Author: Bhaskar Roy/TNN
Publication: The Times of India
Date: October 7, 2004
The insider's account is always
considered the most authentic. Czech writer Milan Kundera's fiction offers
deep insights into the totalitarian communist regime that rifled his homeland.
Closer home, former CPM deputy leader
in the Lok Sabha Amal Datta's book on Lenin offers viewpoints of the Communist
icon that have left the Left circles embarrassed. Datta unambiguously sees
Lenin as having unleashed state terror after the Russian Revolution. Indeed
in 'Lenin, Revolution, State and Terror', Datta has sought to demolish
Lenin's iconic status, terming him as the "father of domestic Russian terrorism,
cruel and merciless".
Seeking to dispel the notion that
Gulag exile and appalling purges were associated with Stalin alone, Datta
says in chapter 12, "But it was really Lenin who had initiated the concentration
camps, mass terror, torture and execution which were allowed to stand above
the state." He quotes Lenin urging the party to resort to terror: "We must
encourage energetic action and largescale terror against the counter-revolutionaries
especially in Petrograd as decisive example." The demonised image of the
Russian leader that comes through the 256-page book expectedly has been
rebuffed by the communists.
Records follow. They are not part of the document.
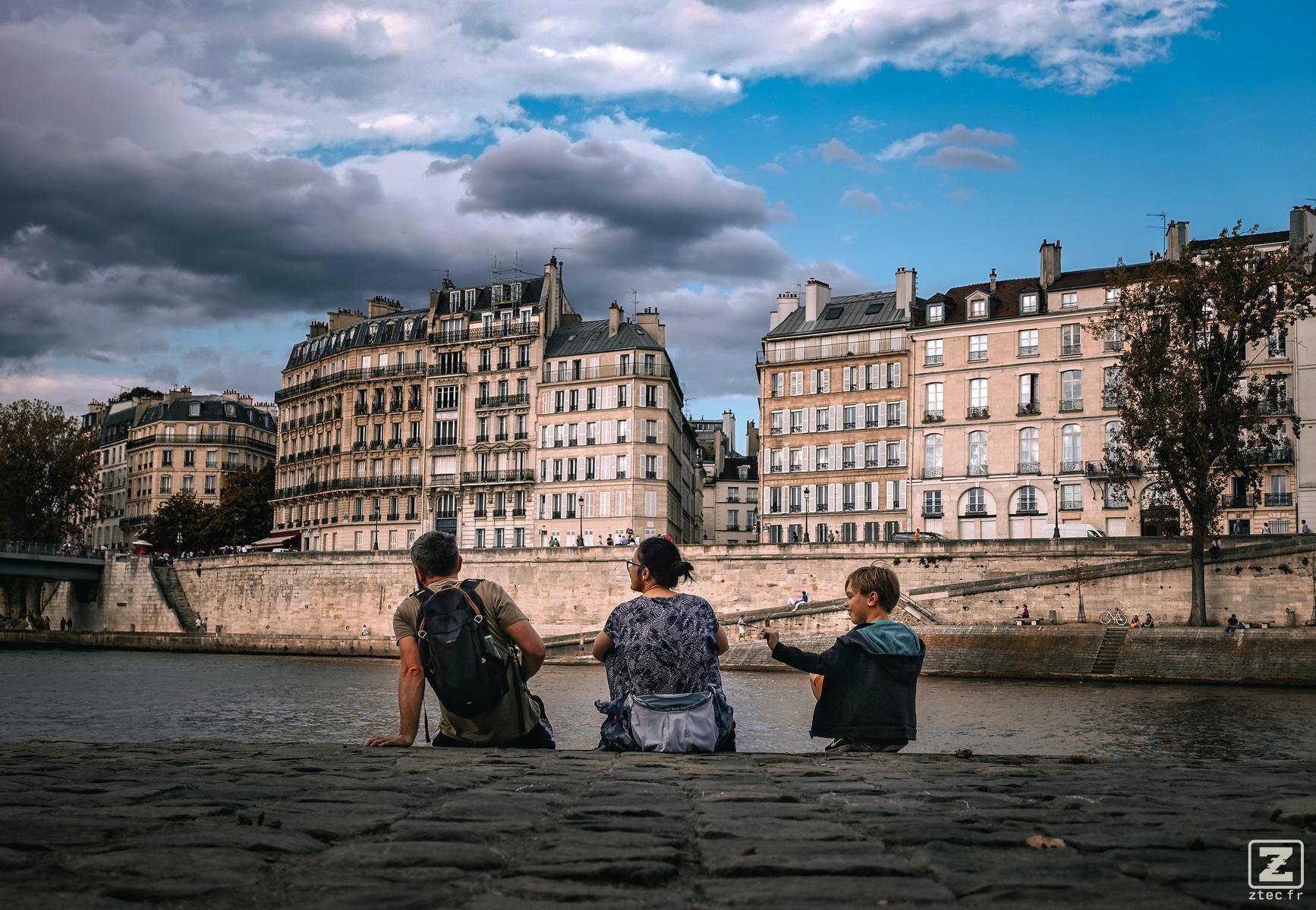 3 person sited on the river border. The river is the Seine in Paris. We can see the typical Parisian building on the other side of the river.
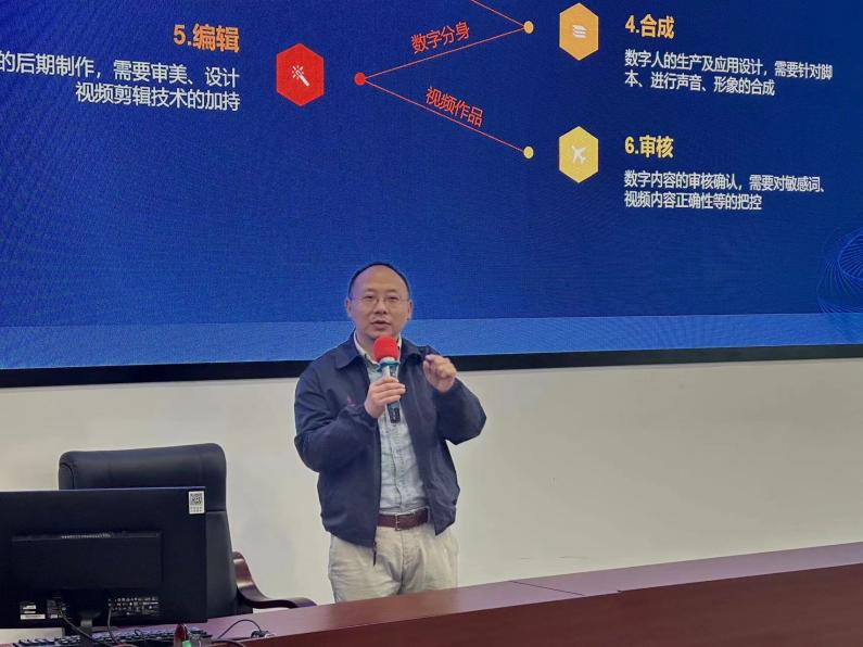 随后,姚一永代表学校向与会嘉宾的分享表示感谢,强调此次分享会是贯彻学校有关全面面向人工智能时代进行教学改革要求的实质性一步。基于前期完成学校人工智能师资研修班培训的基础,学校将针对2024届毕业生围绕数字人产业项目开展集中实训,建立学校的数字人专业人才培养基地,以期尽快切入细分行业领域,希望参会同学们把握机会,积极参与,坚持钻研,提升就业竞争力。
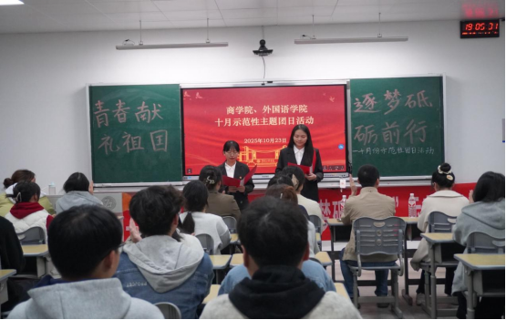 为深入学习贯彻习近平新时代中国特色社会主义思想,引领青年学子厚植家国情怀、勇担时代使命,10月23日晚,在校团委的指导下,伟的国际1946bv与外国语学院在主教学楼C309教室联合举办了“青春献礼祖国,逐梦砥砺前行”示范性主题团日活动。校团委副书记涂璐、伟的国际1946bv党委副书记谭超、伟的国际1946bv团委书记邹牡燕、外国语学院团委书记彭虹出席活动,英语2501班、电子商务2401班全体同学共同参与。
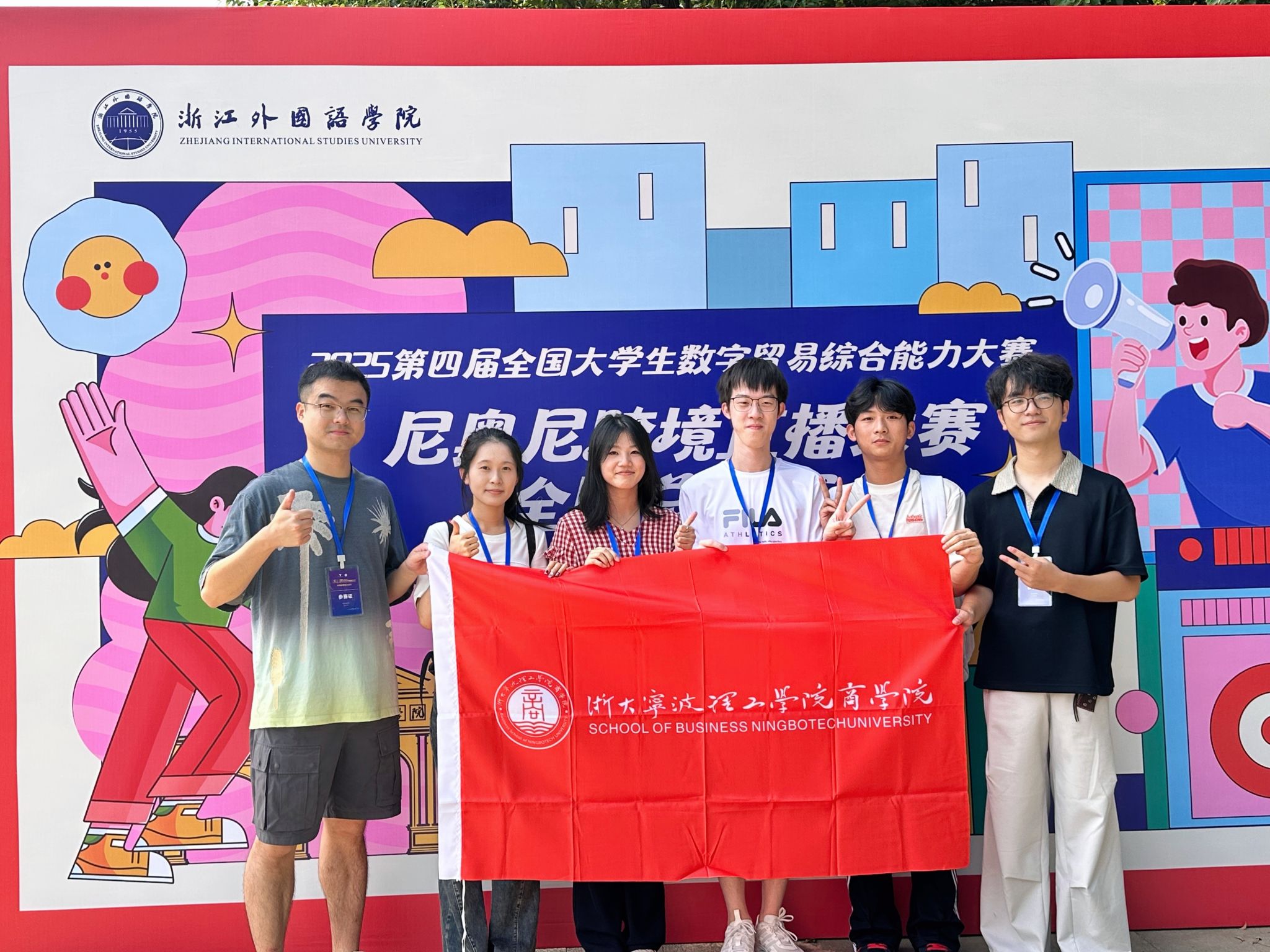 队长陈凯丽,队员孙舒逸、郑毅、王翊凡、丁宇杰在何巨、张家滋老师的指导下,荣获尼奥尼跨境直播赛全国三等奖。
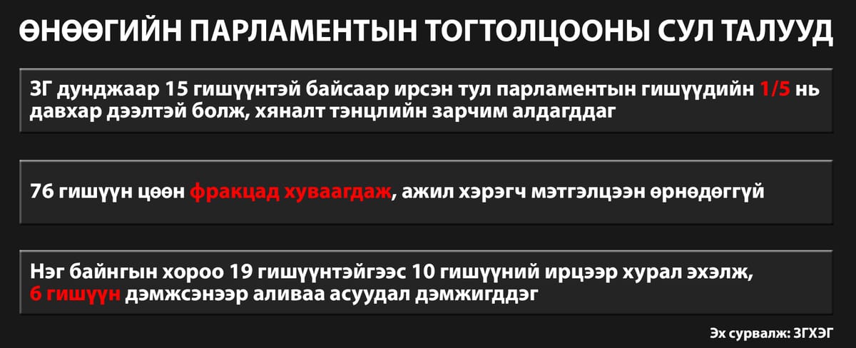 УИХ-ын нийт гишүүний тавин хувийг мажоритар, тавин хувийг пропорциональ аргаар сонгож, гишүүдийн тоог 152 болгож хүн амын тоотой уялдуулан нэмэгдүүлэх заалт бүхий Үндсэн хуульд оруулах өөрчлөлтийн төслийг ЗГ-аас УИХ-д өргөн барилаа. Одоогийн парламентын сул тал нь цэвэр системийн асуудалтай холбоотой гэж үзэж байгаа юм. Тухайлбал:
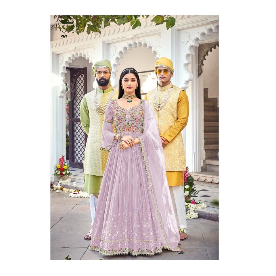 โพลีเอสเตอร์ผ้าฝ้ายคุณภาพสูงและผ้าไหมผู้หญิง Anarkali ชุดสำหรับงานแต่งงานและงานปาร์ตี้สวมใส่ในราคาขายส่งจากอินเดีย
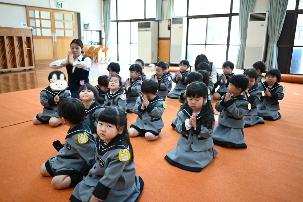 礼拝日 2026 4/24 4月22日(水)は、年中組(4歳児)・年長組(5歳児)の礼拝日、23日(木)は、年少組(3歳児)の礼拝日でした。 じょうずにお参りすることができました。 新着情報 年長さん(5歳児)からのプレゼント お誕生会(4月生まれ)
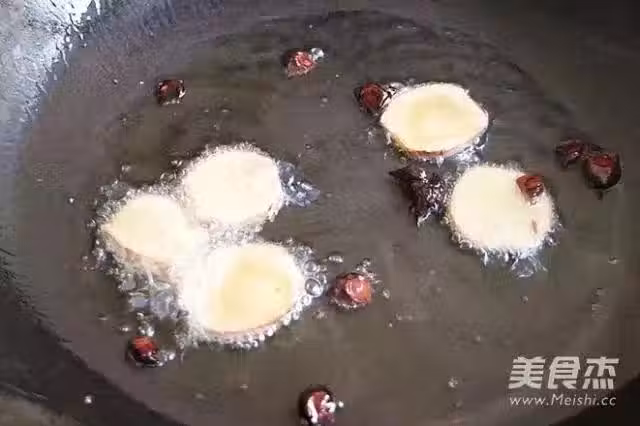 4.下入蔥頭,排骨,加一點鹽調味,翻炒至變色。
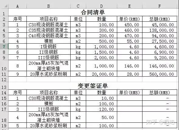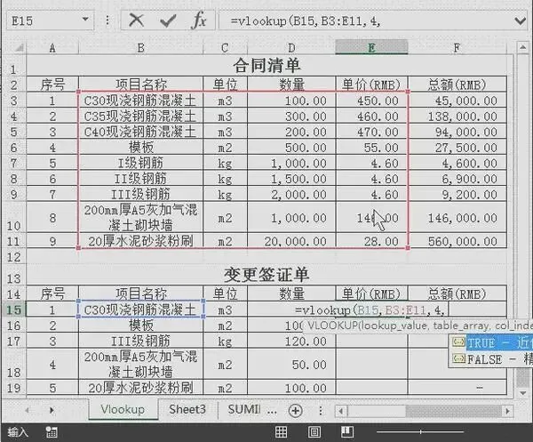 例如:施工单位在进行投标报价时,有很多单体工程分不同的清单表格进行报价,而其实大部分的清单项目是相同的,在完成第一个单体工程的投标报价后,再运用此函数在其他单体清单中,可达到了事半功倍。又如某个变更签证要参照工程合同(工程量清单为计价合同)的相应清单项目进行套价:
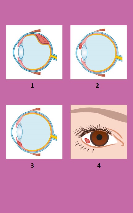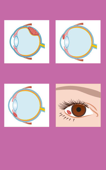 Een oogmelanoom kan op 4 plaatsen van het oog groeien:
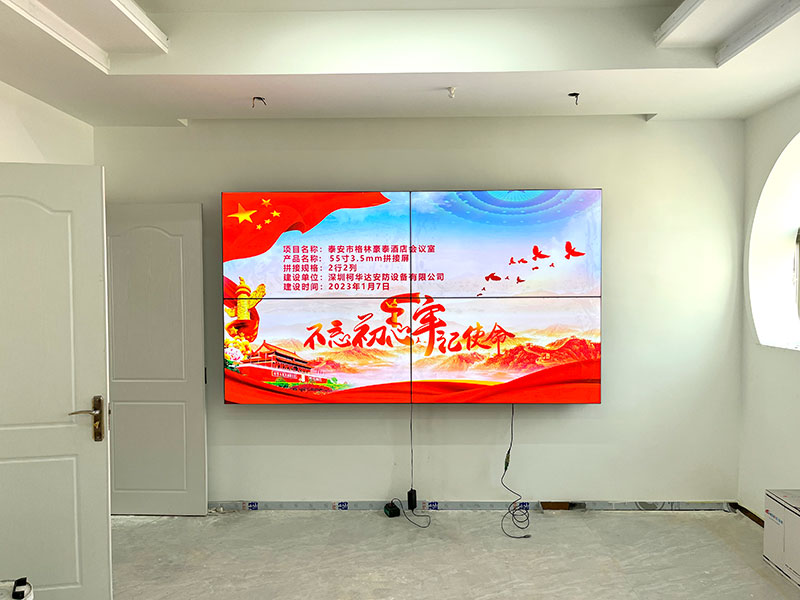 柯華達品牌力助泰安市格林豪泰酒店會議室,采購55寸液晶拼接屏2×2,漢思解碼器,高清動態(tài)畫質(zhì),多功能展廳、視頻會議、安防監(jiān)控、大數(shù)據(jù)中心,完美演繹智能化顯示終端。
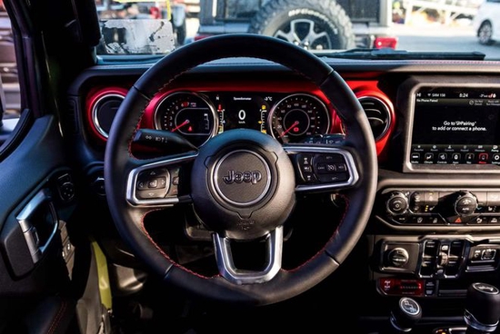 牧马人内饰方面在中控台搭配可爱的复古小按钮,使得驾驶舱变得很有风格,而且操作也非常的方面,做工用料方面也是非常实在,不过整体风格与当下流行的科技显得有点格格不入,毕竟现在的科技时代,许多车辆都装备了高科技产品,不过牧马人却选择复古来打破常规,显得特立独行。
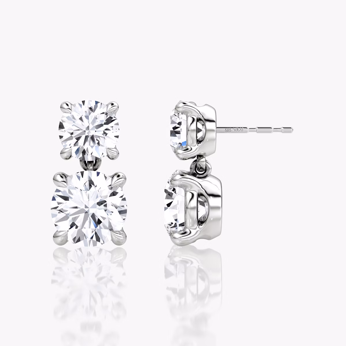 Mix or match two VRAI created diamond shapes set in our signature 14k gold drop setting for an elegant, enduring design that truly reflects you. Customize the style and silhouette of our Signature Duo Drop Earring with your choice of three different VRAI created diamond shapes and two set carat weights. This sophisticated design can be worn alone or paired with our matching necklace.
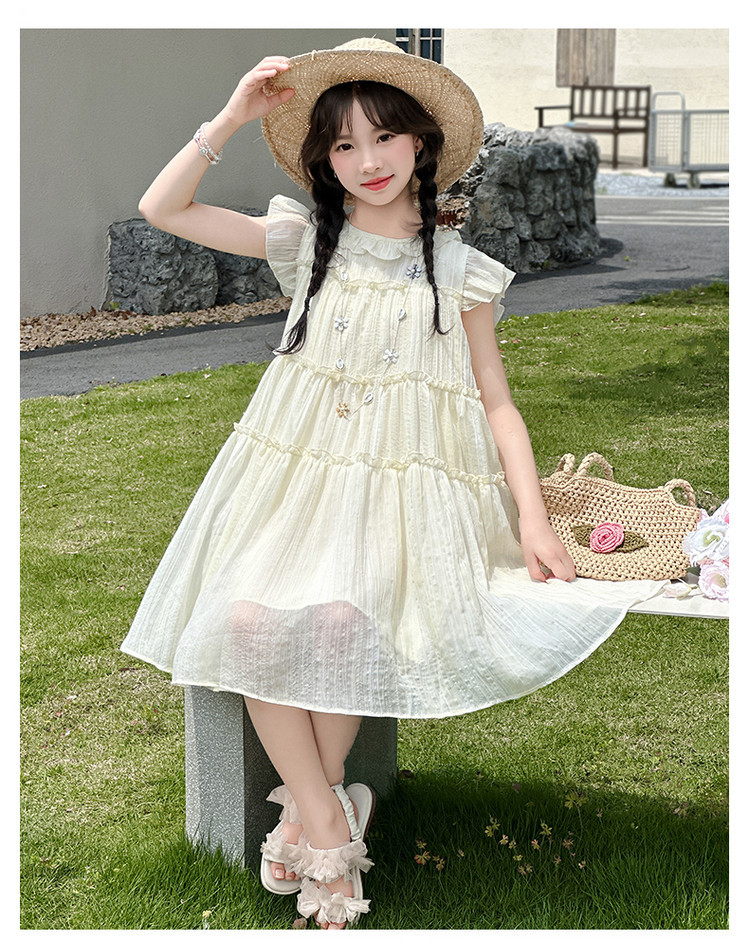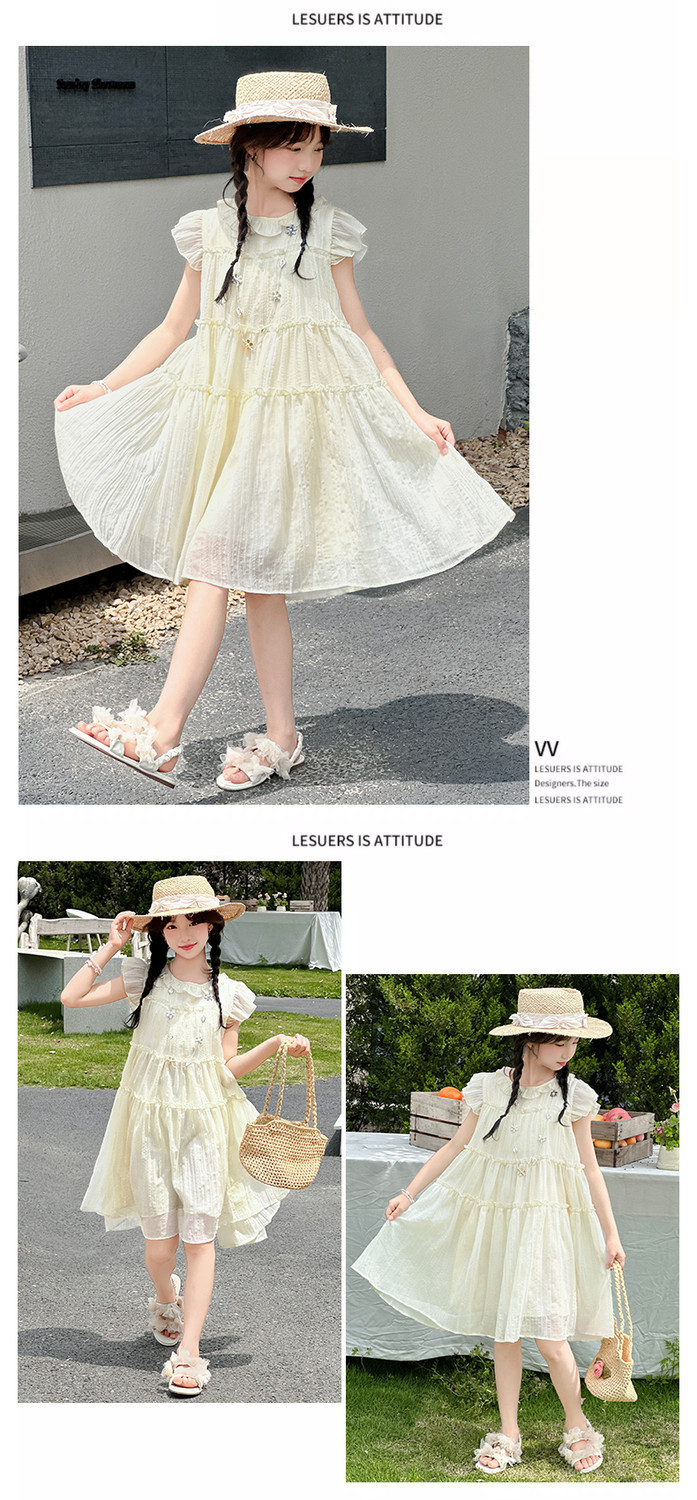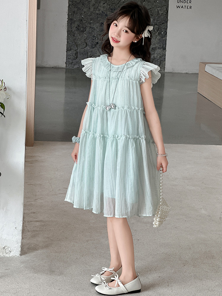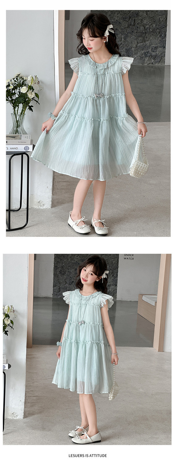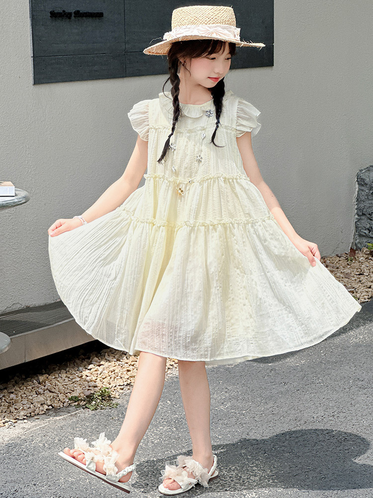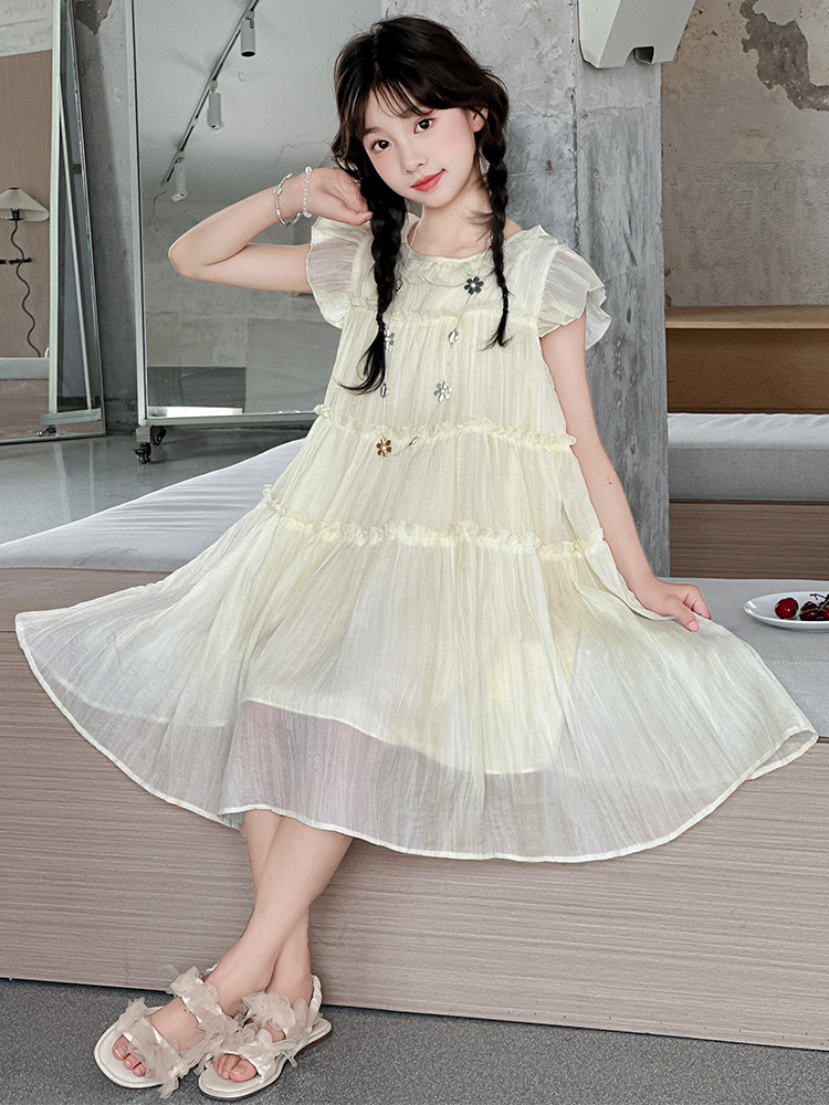 여자 드레스 여름 2025 새로운 인터넷 연예인 드레스 유행 어린이 공주 드레스 큰 어린이 여자 여름 거즈 드레스스토어 가기
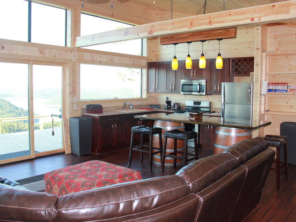 The Summit house has breathtaking views of the the lake and mountains from every room. Gorgeous views bring relaxation from the spacious King Master bedroom as well as the second Queen bedroom. The Summit House’s large living/dining area offers a space for quality time with friends & family while enjoying a fresh beverage. A beautiful bar off the kitchen will seat 5 where you can enjoy a meal cooked in the all stainless steel kitchen or the outdoor grill. If you prefer meals outside on the 2 level deck to take in the views, there will be outdoor furniture as well.

Dismissing Datta as incapable of assessing
Lenin, CPI leader D Raja said, "He has no understanding of India, how can
he comment on Lenin and the Soviet situation soon after the revolution?"
Though Datta snapped ties with the CPM a few years ago, the fact that he
had held an important position in the party and is Jyoti Basu's nephew
has caused acute uneasiness in the Left circles.